Gran Cine is a non-profit civil association founded on 13 June 1996. It functions as an alternative film distributor in Venezuela. The aims of the organisation are a rough group of objectives with the overall goal being to widen the reach of film, especially independent, diverse and global film, in Venezuela. It has a group of associated cinemas, used for exhibition and education.

The president of Gran Cine is Fernando Rotundo.

==Mobile cinema==
Included in the aims of the organisation is the effort to create mobile cinemas, so that people from areas without cinemas can also see films.

Gran Cine co-sponsors the Argentinian Film Festival in Venezuela with the nation's Argentinian Embassy, with the festival having half of its films be available across the country at outdoor and mobile cinemas to improve access.

In 2015, Gran Cine Móvil held a series of film screenings and discussion forums to facilitate reflection and education on human rights around the world and in Venezuela, featuring the films Mine Alone and Invictus.

=== Problems ===
The outdoor cinema does face problems. One of the main ones is a lack of money to provide as many films as previously shown, but the public are also concerned to show up, due to the scarcity of power and street violence making a dark outside location unwelcoming. The number of locations has therefore been reduced, limited to a few sites around the capital rather than hundreds across the country as it was before.

Gran Cine also previously worked with cinemas, but most of them have had to close down.

==Film festivals==
The organisation holds many free film festivals, celebrating diverse films from a variety of countries, including the biggest box office successes as well as some from independent and culturally diverse filmmakers. The aim, as with many of the organisation's endeavours, is to promote culturally and artistically significant film.

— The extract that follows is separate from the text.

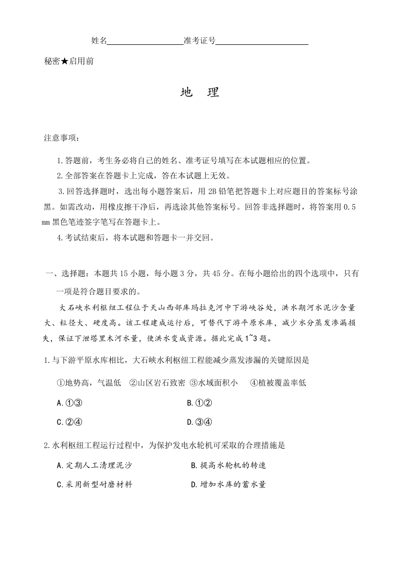 山西省2024-2025学年下学期高三考前适应性测试启航卷(一模)地理+答案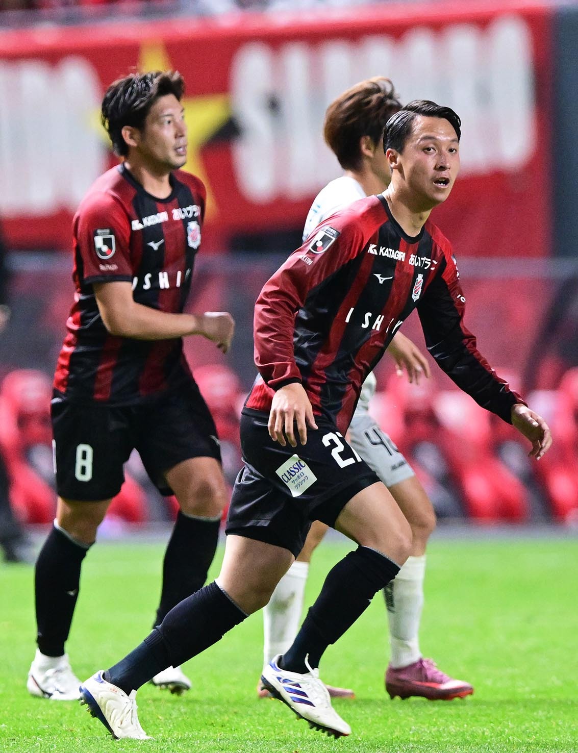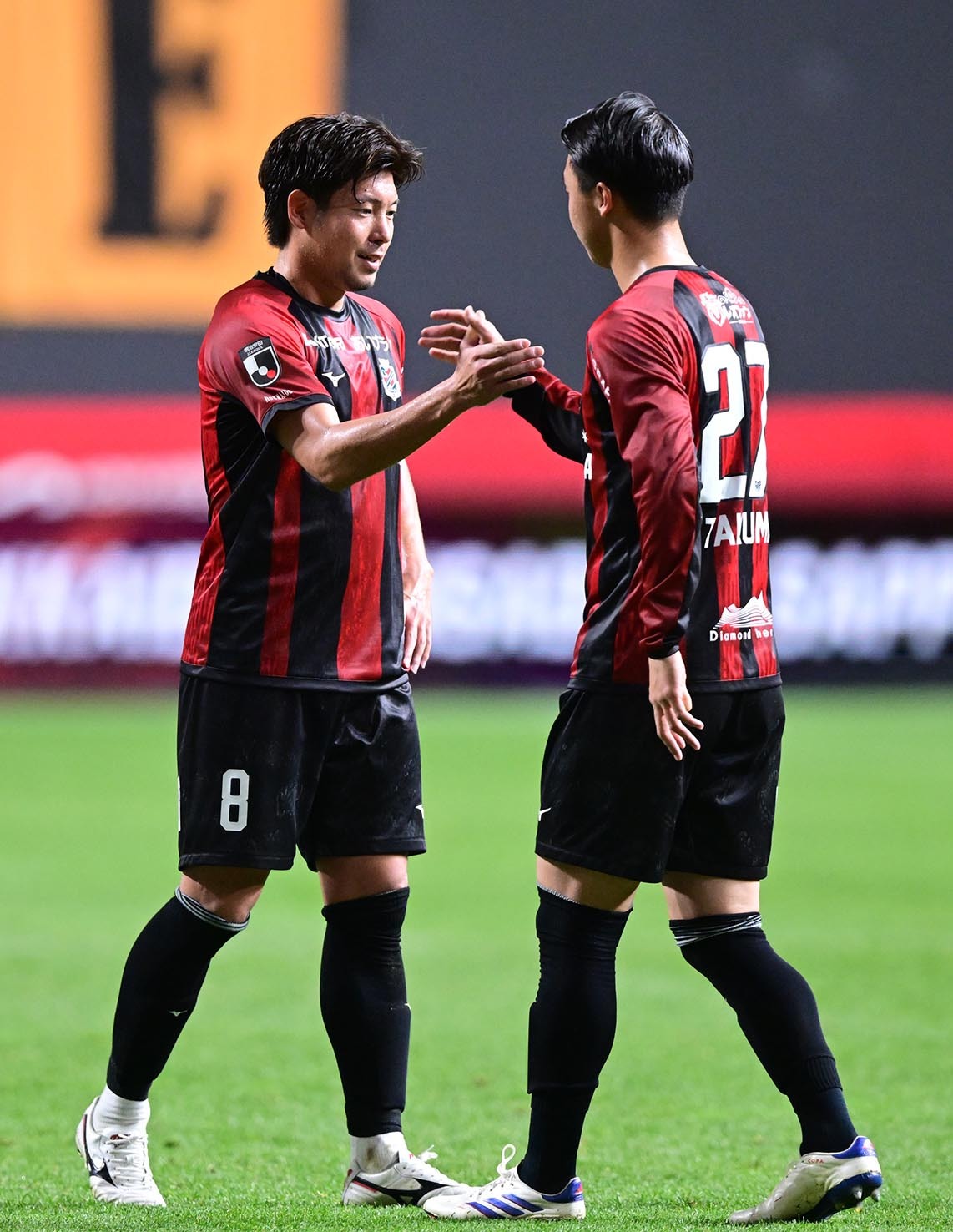 MF深井(左奥)の現役最後の試合で共にピッチに立ったMF荒野(手前)

The longest-running of these festivals is the Spanish Film Festival, which reached its 22nd year in 2018.

The 22nd Spanish Film Festival — also known as the OFF Festival — had, as well as the variety of films, a retrospective on the life and works of Pedro Almodóvar called "Al Modo Almodóvar". It was also supported by the Spanish Embassy in Caracas, Queiroz Publicidad and primarily hosted at Trasnocho Cultural.

With support from Kairos and the Argentina Embassy in Caracas, Gran Cine has held the Argentinian Film Festival annually from 2017. The two most highly promoted films from the 2018 festival, which ran for two weeks in November and December, were Zama and the Argentine-Venezuelan Arpón.

==Film factory==
The film factory was set up in 2015, to develop the skills and independence of young peoples' abilities, with the program rolled out to more than 10 high schools by 2018. Rotundo has said that though culture could come second to politics and welfare, exposure to culture is crucial in young people developing critical awareness.